_MATERIAL SHOWN:_
——

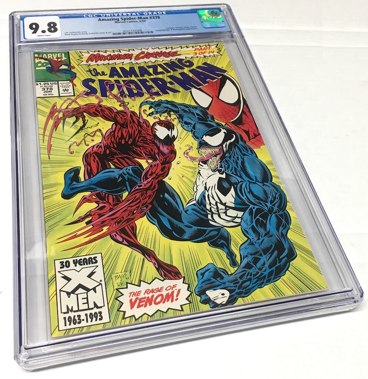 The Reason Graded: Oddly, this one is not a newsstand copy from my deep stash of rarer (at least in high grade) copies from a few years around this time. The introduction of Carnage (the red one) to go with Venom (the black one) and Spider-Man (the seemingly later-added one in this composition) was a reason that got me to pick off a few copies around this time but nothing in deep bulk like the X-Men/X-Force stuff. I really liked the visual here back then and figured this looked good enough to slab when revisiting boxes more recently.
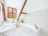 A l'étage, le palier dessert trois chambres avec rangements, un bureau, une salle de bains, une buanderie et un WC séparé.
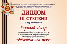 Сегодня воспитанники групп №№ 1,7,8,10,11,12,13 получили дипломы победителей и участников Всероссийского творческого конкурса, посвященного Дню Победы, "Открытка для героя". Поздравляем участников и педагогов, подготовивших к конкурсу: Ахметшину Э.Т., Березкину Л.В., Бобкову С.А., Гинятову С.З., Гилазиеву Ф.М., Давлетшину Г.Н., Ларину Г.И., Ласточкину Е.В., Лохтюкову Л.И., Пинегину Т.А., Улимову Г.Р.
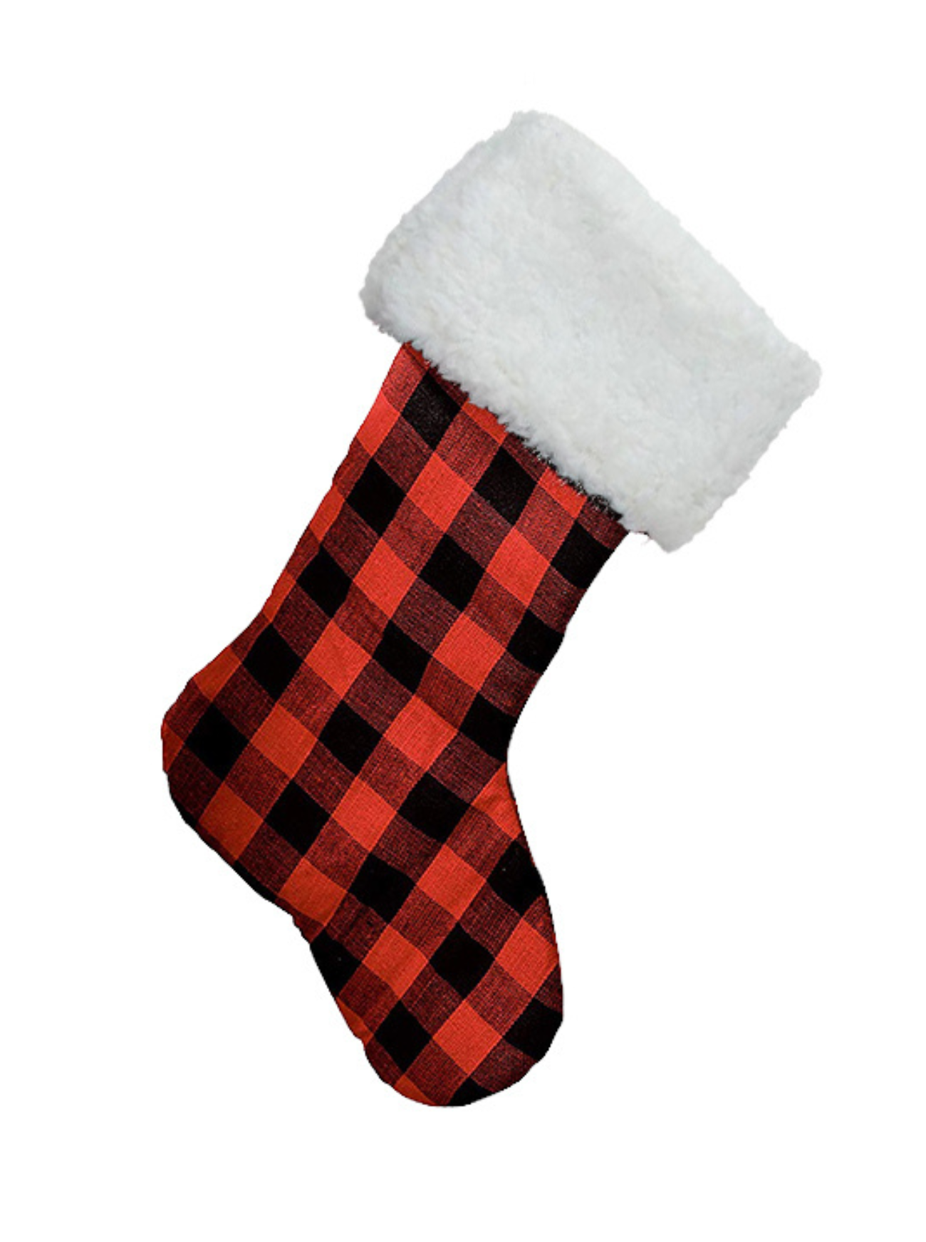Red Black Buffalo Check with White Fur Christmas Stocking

——

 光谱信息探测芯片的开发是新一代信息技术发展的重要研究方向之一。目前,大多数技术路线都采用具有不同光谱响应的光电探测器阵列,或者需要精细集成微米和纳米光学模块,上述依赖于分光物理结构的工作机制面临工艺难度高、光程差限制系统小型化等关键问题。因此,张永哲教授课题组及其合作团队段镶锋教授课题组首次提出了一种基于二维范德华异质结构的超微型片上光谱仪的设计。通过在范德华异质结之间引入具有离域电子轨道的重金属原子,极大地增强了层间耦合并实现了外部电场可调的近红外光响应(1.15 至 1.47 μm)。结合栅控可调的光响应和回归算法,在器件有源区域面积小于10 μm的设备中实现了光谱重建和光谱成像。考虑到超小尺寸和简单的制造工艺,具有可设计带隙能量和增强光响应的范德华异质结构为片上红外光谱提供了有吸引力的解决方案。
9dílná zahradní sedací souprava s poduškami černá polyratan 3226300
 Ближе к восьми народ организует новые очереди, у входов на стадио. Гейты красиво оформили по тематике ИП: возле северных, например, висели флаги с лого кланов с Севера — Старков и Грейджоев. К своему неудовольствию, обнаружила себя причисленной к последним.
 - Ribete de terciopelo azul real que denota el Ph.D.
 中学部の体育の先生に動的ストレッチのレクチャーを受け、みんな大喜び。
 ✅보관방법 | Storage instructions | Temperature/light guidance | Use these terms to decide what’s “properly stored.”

——

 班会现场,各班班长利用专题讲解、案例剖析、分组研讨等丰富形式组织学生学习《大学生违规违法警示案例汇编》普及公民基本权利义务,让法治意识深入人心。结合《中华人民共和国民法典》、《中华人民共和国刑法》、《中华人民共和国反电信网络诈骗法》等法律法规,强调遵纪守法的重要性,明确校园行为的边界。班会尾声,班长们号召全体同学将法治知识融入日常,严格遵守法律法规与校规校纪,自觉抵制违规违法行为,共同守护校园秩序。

——

_YOUR TASK:_
In the material above, one part opens with the line containing "The Reason Graded: Oddly, this" and closes with the line containing "Red Black Buffalo". Write out that part exactly and skip its pictures.

_ANSWER TO THIS TASK:_
 The Reason Graded: Oddly, this one is not a newsstand copy from my deep stash of rarer (at least in high grade) copies from a few years around this time. The introduction of Carnage (the red one) to go with Venom (the black one) and Spider-Man (the seemingly later-added one in this composition) was a reason that got me to pick off a few copies around this time but nothing in deep bulk like the X-Men/X-Force stuff. I really liked the visual here back then and figured this looked good enough to slab when revisiting boxes more recently.
 A l'étage, le palier dessert trois chambres avec rangements, un bureau, une salle de bains, une buanderie et un WC séparé.
 Сегодня воспитанники групп №№ 1,7,8,10,11,12,13 получили дипломы победителей и участников Всероссийского творческого конкурса, посвященного Дню Победы, "Открытка для героя". Поздравляем участников и педагогов, подготовивших к конкурсу: Ахметшину Э.Т., Березкину Л.В., Бобкову С.А., Гинятову С.З., Гилазиеву Ф.М., Давлетшину Г.Н., Ларину Г.И., Ласточкину Е.В., Лохтюкову Л.И., Пинегину Т.А., Улимову Г.Р.
Red Black Buffalo Check with White Fur Christmas Stocking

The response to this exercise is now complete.